The settlement agreement would become effective only if, among other
things, the merger is consummated.


PENN TREATY:Sued In E.D. Pennsylvania Over Abrupt Dive Of Stock Value
---------------------------------------------------------------------
Penn Treaty American Corporation received notice on April 17, 2001,
that the Company and certain of its key executive officers have been
named as defendants in class action lawsuits filed in United States
District Court for the Eastern District of Pennsylvania as a result of
the Company's recent stock performance.

The complaints in each case allege that the Company and its executives
made misleading statements about the Company's statutory surplus,
statutory reserves and financial health.

The Company cannot predict the outcome of these class action lawsuits,
however it contends that the lawsuits are baseless and completely
without merit, and intends to defend itself vigorously.

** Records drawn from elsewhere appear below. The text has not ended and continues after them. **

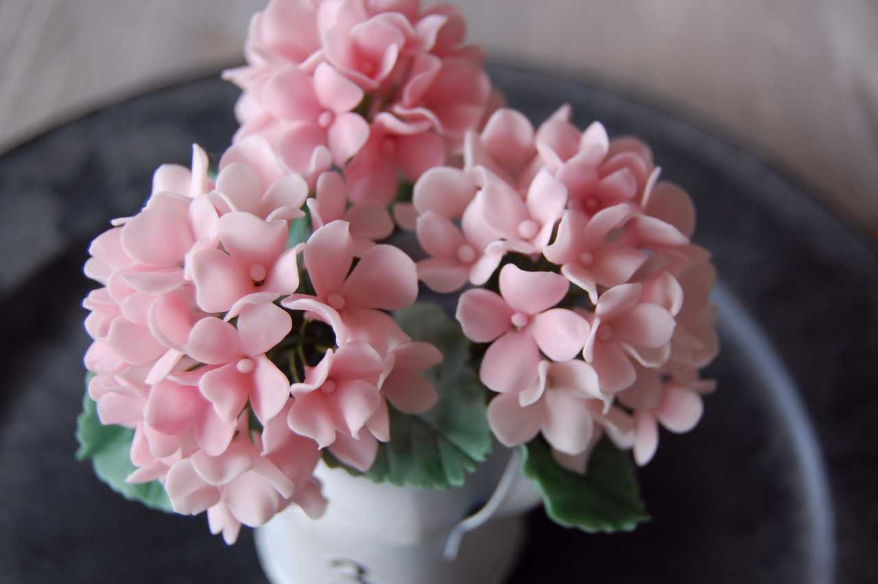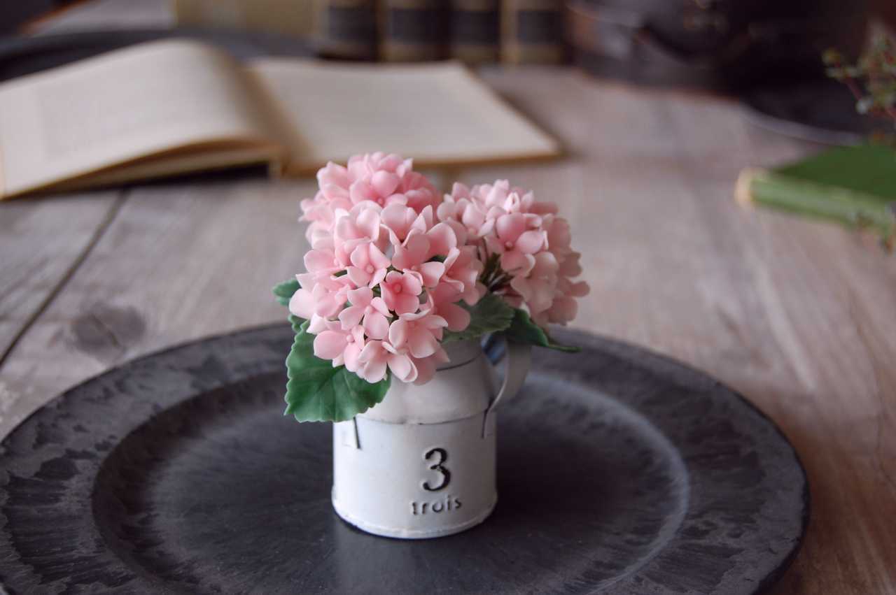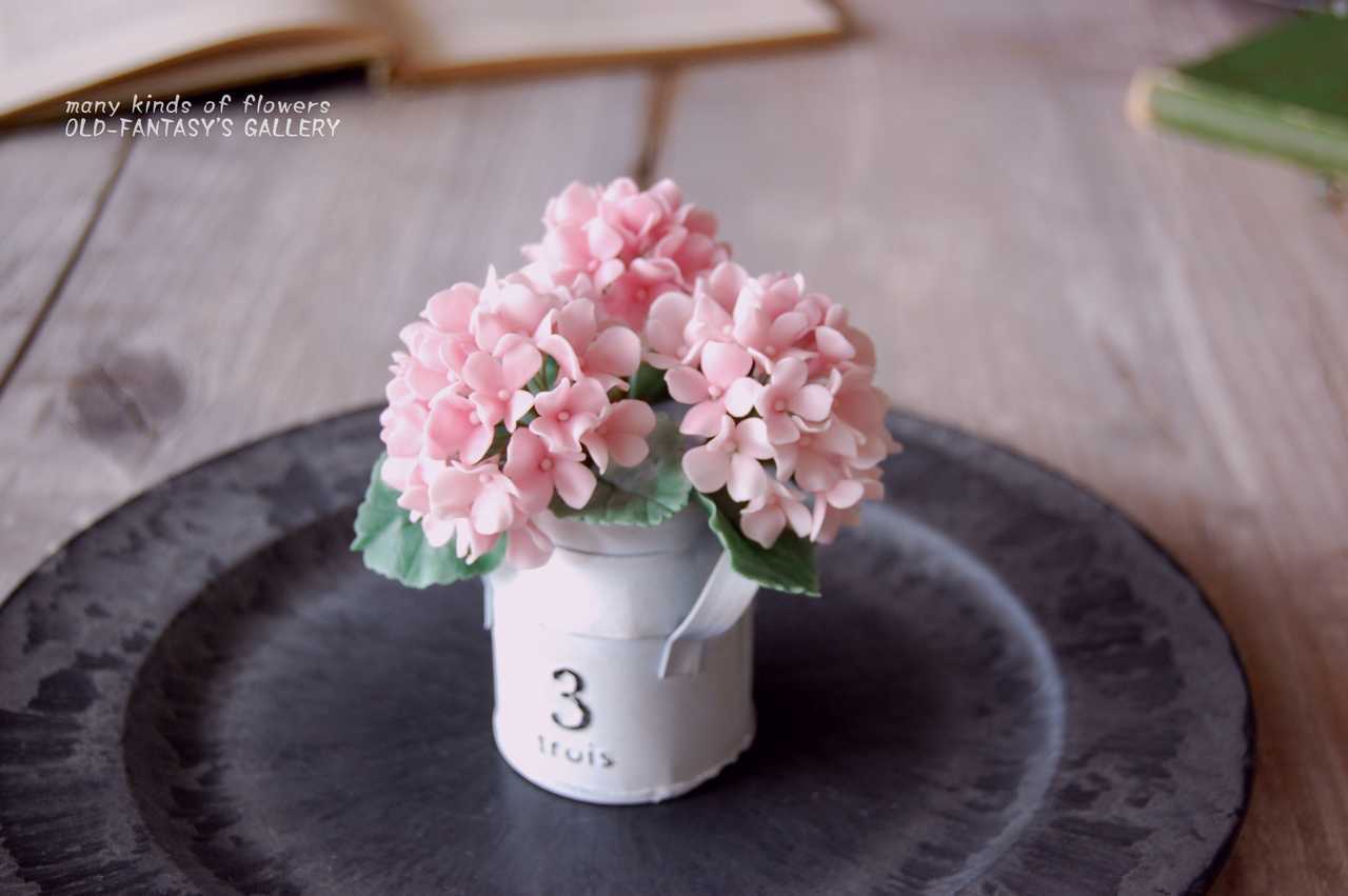 粘土で紫陽花を作り、小さなブリキのミルク缶に飾りました。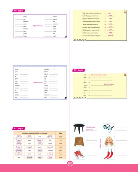 sıcak ...................... şişman ...................... 5. Aşağıda verilen varlıkların özelliklerini bildiren kelimeleri kullanarak örnekteki gibi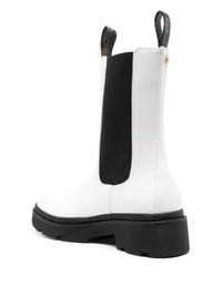 logo-plaque Chelsea leather boots Highlights - White - Calf leather - Smooth grain - Almond toe - Logo pull-tab - Elasticated panelling - Gold-tone logo plaque - Branded insole - Ridged rubber sole - Slip-on style Imported Composition Other fibres 100% SIZE & FIT Measurement HEEL 1.88 in(4.8 cm) HEIGHT 7.87 in(20 cm) Sole height 1.18 in(3 cm)

PHOENIX COMPANIES:Subsidiary Sued Over Conversion From Mutual To Stock
----------------------------------------------------------------------
At a public hearing conducted by the New York Superintendent on March
19, 2001, some policyholders and others raised objections to
certain aspects of the reorganization plan of Phoenix Home Life Mutual
Insurance Company, which will convert it from a mutual to a stock
company.

These objections alleged, among other things, that the plan was not
fair and equitable to policyholders of Phoenix Home. Two lawsuits have
been filed challenging the fairness of the plan of reorganization
and the adequacy and accuracy of Phoenix Home's disclosures to its
policyholders regarding the plan.

The first of these lawsuits, Burns v. Phoenix Home Life Mutual Ins.
Co., et al., was filed on April 4, 2001 in the Circuit Court of Cook
County for the Illinois County Department in the Chancery Division.

Plaintiff seeks to maintain a class action on behalf of a putative
class consisting of all current policyholders of Phoenix Home who
purchased their policies prior to Phoenix Home's announcement of its
intention to "demutualize."

The complaint seeks damages for losses allegedly sustained by the class
as a result of the "demutualization", as well as other relief. The
defendants named in the complaint are Phoenix Home and some of its
directors and officers.

The second lawsuit, Kertesz v. Phoenix Home Life Mutual Ins. Co., et
al., was filed on April 16, 2001 in the Supreme Court of the State of
New York for New York County. Plaintiff seeks to enjoin the
"demutualization", damages and other relief.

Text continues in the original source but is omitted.